_What the task requires_
Every entry below has to appear again in your reply, word for word, but no picture may.

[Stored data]
◇ ◇ ◇ ◇

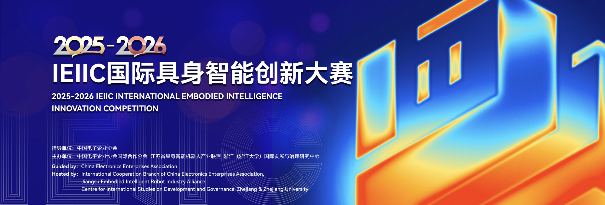 In a comprehensive effort to implement the "Guidelines on Deepening the 'AI Plus' Initiative," promote extensive and deep integration of artificial intelligence across all sectors of the economy and society, accelerate the development of new quality productive forces, and better support Chinese modernization, the International Cooperation Branch of the China Electronics Enterprises Association, in collaboration with the Zhejiang (Zhejiang University) Center for International Development and Governance, will organize the "IEIIC International Embodied Intelligence Innovation Competition" (hereafter referred to as "the Competition"). The Competition will be guided by the China Electronics Enterprises Association.
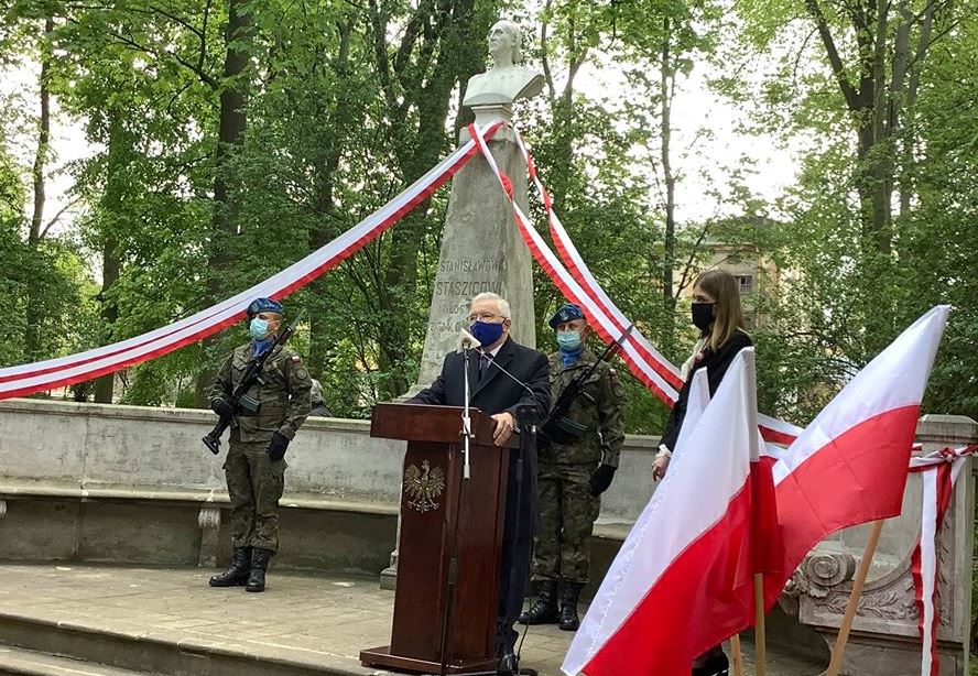 Kielce. Uroczyste obchody Narodowego Święta Konstytucji 3 Maja. 🇵🇱 🇵🇱 🇵🇱 Najpierw w kościele garnizonowym Msza Święta w intencji Ojczyzny celebrowana prze ks. bpa Andrzeja Kaletę i ks. ppłk Grzegorza Kamińskiego, a następnie patriotyczne zgromadzenie przed pomnikiem Stanisława Staszica w Parku Miejskim. Gospodarzem uroczystości był wojewoda świętokrzyski dr Zbigniew Koniusz. ✅ Konstytucja nie powinna być noszona tylko na manifestacjach. Powinna być noszona w sercach i umysłach. My Polacy powinniśmy wiedzieć, że ona jest pierwszorzędnym, najwyższym prawem Rzeczypospolitej i wszystkie inne prawa są podporządkowane naszej konstytucji - mówiłem podczas uroczystości. /fb/
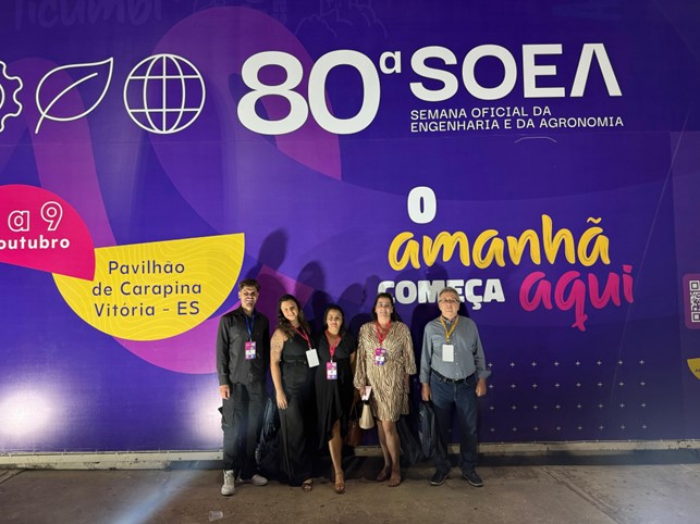 Estiveram presentes o presidente da ABEC-PR, Eng.º Giovane Siqueira, o Conselheiro do CREA-PR, Eng.º Pedro Faggion, a Diretora Administrativa, Eng.ª Amanda Torres, a Diretora Financeira e Inspetora do CREA-PR, Eng.ª Aline Pallu, e a Conselheira Consultiva e Delegada Regional do CREA-PR, Eng.ª Taciana Vannucci, todos participantes da 80ª SOEA.
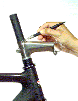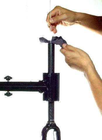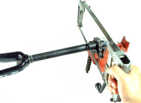 切断後、削りカスなどを除去しやすいようフォークコラムにウエスを詰め込んでおくと良いでしょう。
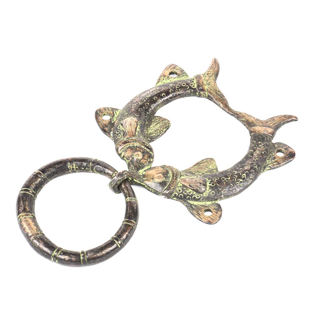 An exquisite work of art by the skilled craftsman of India it can be used for door knocker as well as home decor. Green color engraved decorative brass metal door knocker having kissing fish Design.
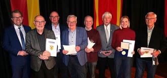 Bürgermeister Marius Reusch (r.) verlieh die Ehrenamtspreise 2025 an (v. l.): Reinhard Puhl, Friedhelm Straßheim und Diedrich Steffens.
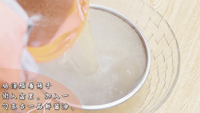 熬好的雞湯撈出湯渣,再隔著篩子倒入盆里。加入一勺東古一品鮮醬油、一勺東古蠔油、一勺紅油辣椒醬(喜歡吃辣的可以多放點)攪拌均勻
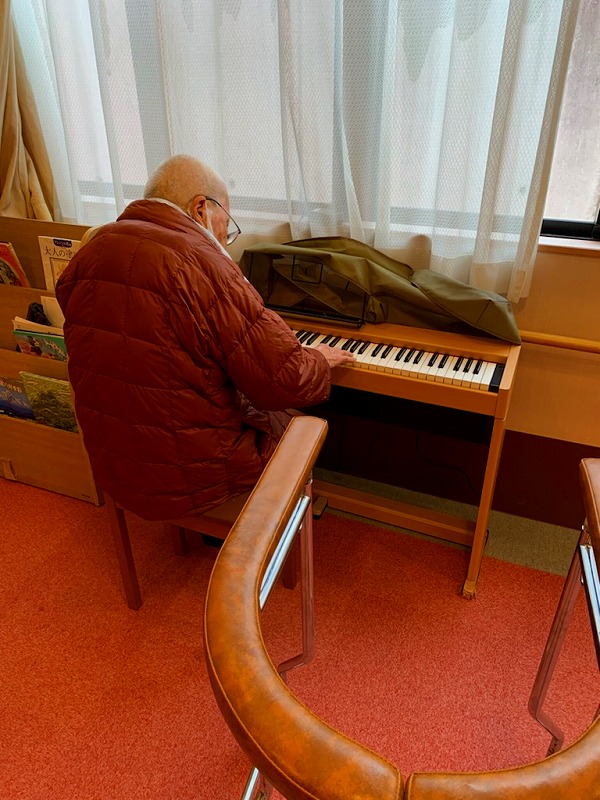 外出から戻ったらピアノを弾いてらっしゃるご入居者様発見♪
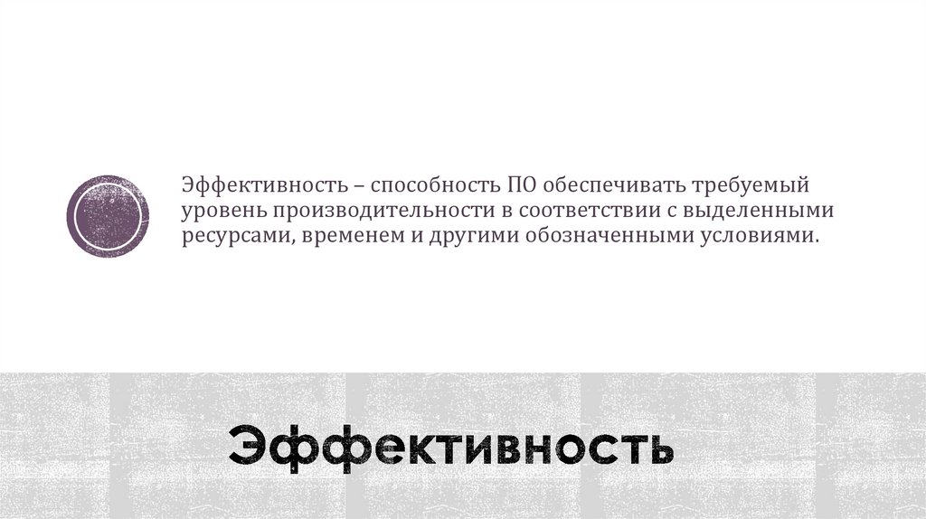Эффективность – способность ПО обеспечивать требуемыйуровень производительности в соответствии с выделенными

◇ ◇ ◇ ◇

_Task response_
 In a comprehensive effort to implement the "Guidelines on Deepening the 'AI Plus' Initiative," promote extensive and deep integration of artificial intelligence across all sectors of the economy and society, accelerate the development of new quality productive forces, and better support Chinese modernization, the International Cooperation Branch of the China Electronics Enterprises Association, in collaboration with the Zhejiang (Zhejiang University) Center for International Development and Governance, will organize the "IEIIC International Embodied Intelligence Innovation Competition" (hereafter referred to as "the Competition"). The Competition will be guided by the China Electronics Enterprises Association.
 Kielce. Uroczyste obchody Narodowego Święta Konstytucji 3 Maja. 🇵🇱 🇵🇱 🇵🇱 Najpierw w kościele garnizonowym Msza Święta w intencji Ojczyzny celebrowana prze ks. bpa Andrzeja Kaletę i ks. ppłk Grzegorza Kamińskiego, a następnie patriotyczne zgromadzenie przed pomnikiem Stanisława Staszica w Parku Miejskim. Gospodarzem uroczystości był wojewoda świętokrzyski dr Zbigniew Koniusz. ✅ Konstytucja nie powinna być noszona tylko na manifestacjach. Powinna być noszona w sercach i umysłach. My Polacy powinniśmy wiedzieć, że ona jest pierwszorzędnym, najwyższym prawem Rzeczypospolitej i wszystkie inne prawa są podporządkowane naszej konstytucji - mówiłem podczas uroczystości. /fb/
 Estiveram presentes o presidente da ABEC-PR, Eng.º Giovane Siqueira, o Conselheiro do CREA-PR, Eng.º Pedro Faggion, a Diretora Administrativa, Eng.ª Amanda Torres, a Diretora Financeira e Inspetora do CREA-PR, Eng.ª Aline Pallu, e a Conselheira Consultiva e Delegada Regional do CREA-PR, Eng.ª Taciana Vannucci, todos participantes da 80ª SOEA.
 切断後、削りカスなどを除去しやすいようフォークコラムにウエスを詰め込んでおくと良いでしょう。
 An exquisite work of art by the skilled craftsman of India it can be used for door knocker as well as home decor. Green color engraved decorative brass metal door knocker having kissing fish Design.
 Bürgermeister Marius Reusch (r.) verlieh die Ehrenamtspreise 2025 an (v. l.): Reinhard Puhl, Friedhelm Straßheim und Diedrich Steffens.
 熬好的雞湯撈出湯渣,再隔著篩子倒入盆里。加入一勺東古一品鮮醬油、一勺東古蠔油、一勺紅油辣椒醬(喜歡吃辣的可以多放點)攪拌均勻
 外出から戻ったらピアノを弾いてらっしゃるご入居者様発見♪
Эффективность – способность ПО обеспечивать требуемыйуровень производительности в соответствии с выделенными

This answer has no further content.